We have a node running CHT 4.6.0 and for some time now since December we have been experiencing slow syncing and replication. Find our specs below.
Server Specs:
Cores: 8
RAM: 16GB
OS: Ubuntu 22.04 LTS
Watchdog Stats (last 90 days):
Monthly Active Users: 769
Replication 50th Percentile: 21.9 s 43.4 mins
Replication 90th Percentile: 41.1 s 56.7 mins
Replication Max: 3 mins 1 hour
CouchDB Stats:
Mode: Single node
Doc count: 8800965
What We Have Tried So Far:
Upgraded our infrastructure to its current state
Upgrade CHT but due to bugs with the upgrade service we could only upgrade up to v4.6.0, from v4.3.1
Adjust replication depth for some of our user groups to reduce load on the server
Attempted to force an upgrade manually through Docker to v4.11.0 so that we get some of the updates to how replication is done but it would just hang when running migrations
I would consider that your server specs are quite low for an instance that serves almost 800 users. I would first recommend trying to further upgrade your instance.

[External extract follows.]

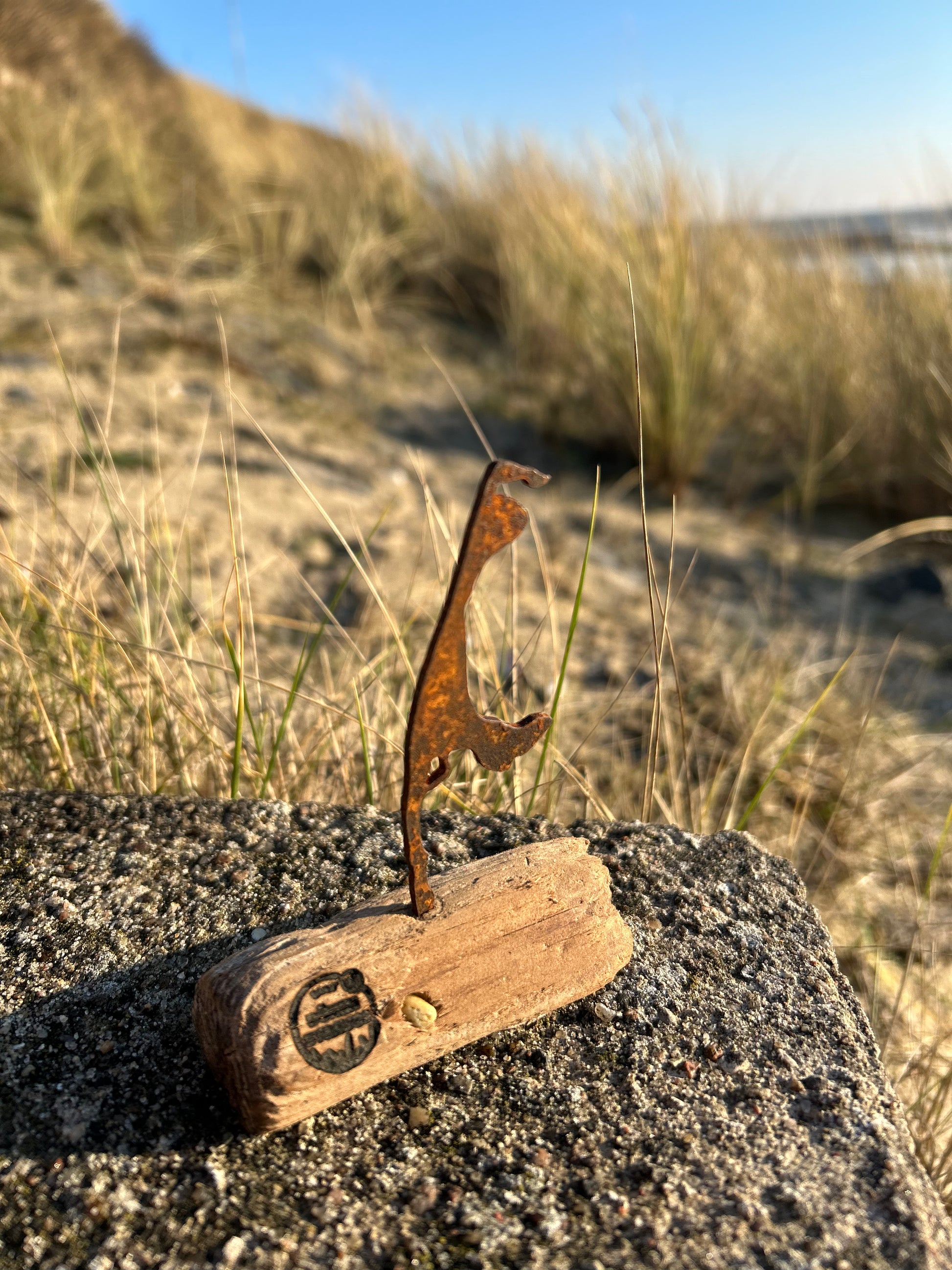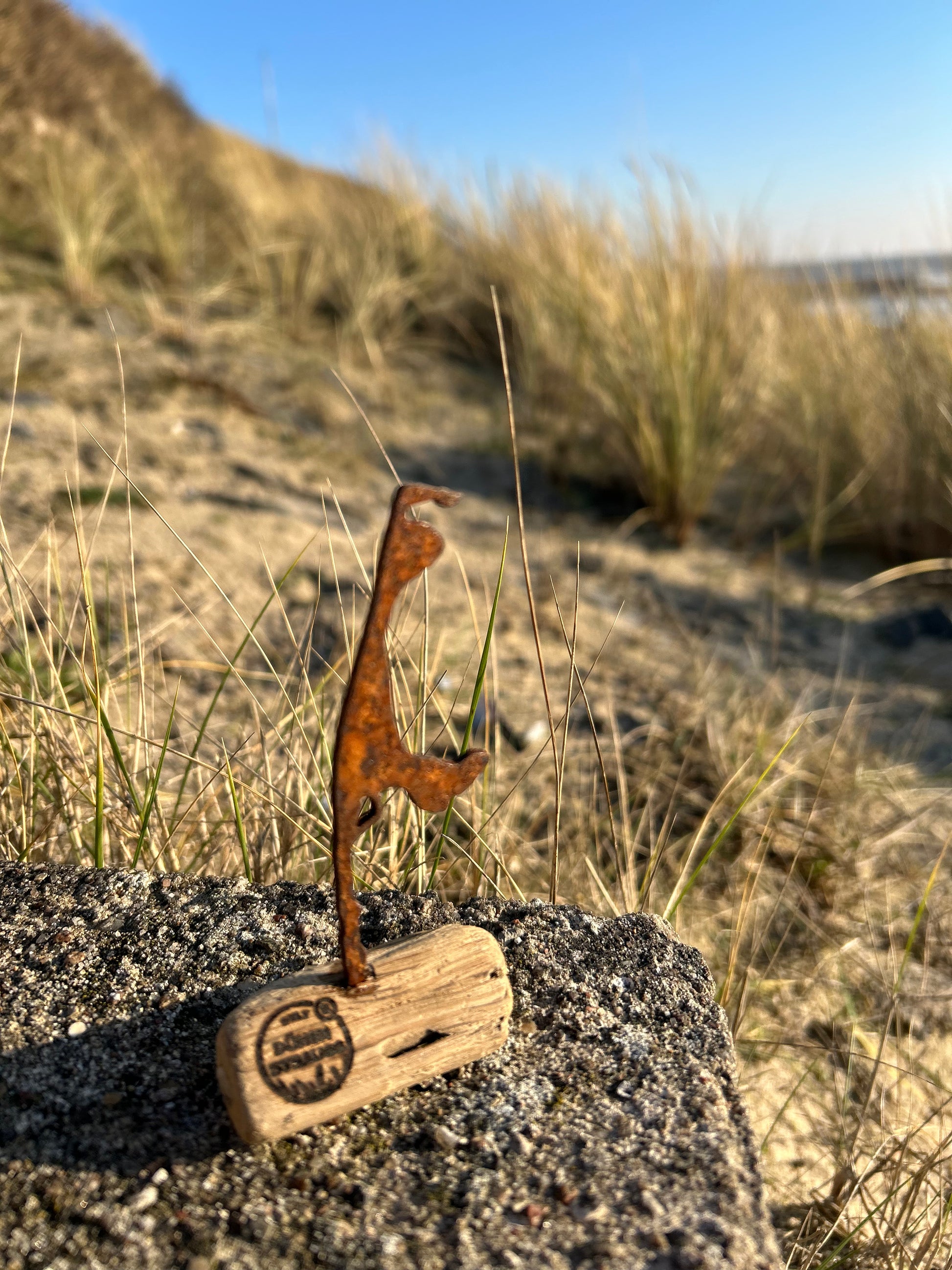Aus 2 mm massivem Vollstahl gefertigt und in der salzhaltigen Nordseeluft natürlich gerostet, trägt sie die unverwechselbare Silhouette der Insel Sylt mit all ihrem Charme und ihrer Symbolkraft.

I think @binod 's question is very relevant, the number of docs (including purged docs) is quite impactful of replication times.
Thirdly, can you please share which bugs in the upgrade service you are referring to? have u tried upgrading the upgrade service first?
About the upgrade service, we encountered the view indexing and CouchDB crashing bugs. We tried restarting the concerned services each time but it never really would finish. We referred to the docs here, Troubleshooting 4.x upgrades | Community Health Toolkit.
@danielmwakanema - thanks for sharing your issue! As @diana mentioned, before following any of the troubleshooting steps - be sure you upgrade your upgrade service. Assuming you’re using docker to host, do this by pulling the image with:
You can check before and after to see if your image is updated with a docker images call - it should have been created ~4 mo ago:
docker images public.ecr.aws/s5s3h4s7/cht-upgrade-service
REPOSITORY TAG IMAGE ID CREATED SIZE
public.ecr.aws/s5s3h4s7/cht-upgrade-service latest bf1133f540ed 4 months ago 396MB
Can you please be a little more verbose? We need a bit more information to help you
we could only upgrade up to v4.6.0, from v4.3.1
So is this right?
You upgraded to 4.6.0
The upgrade to 4.6.0 completed (?)
You had some crashes
After some time of running 4.6.0, you downgraded back to 4.3.1?
Can you provide some details about the crashes? Logs? At least what service is crashing? Why exactly do you think it was “during indexing” (usually this completes before the upgrade)? Did you check disk space which is the normal cause of crash during index?
@kenn, the upgrade to v4.6.0 completed. However CouchDB would crash during indexing, the indexing that happens after a restart, with the following error: .
We know it was during indexing because there were some indexing tasks running at those times. We verified through Fauxton. We also verified that we have enough disk space.
For KE deployment, the most comparable instance is Isiolo with ~800 users. Server specs are 16 cores, 8GB RAM & 500 GB disk. It’s been operating smoothly so far. I recommend monitoring resource consumption periodically to identify where the bottleneck is.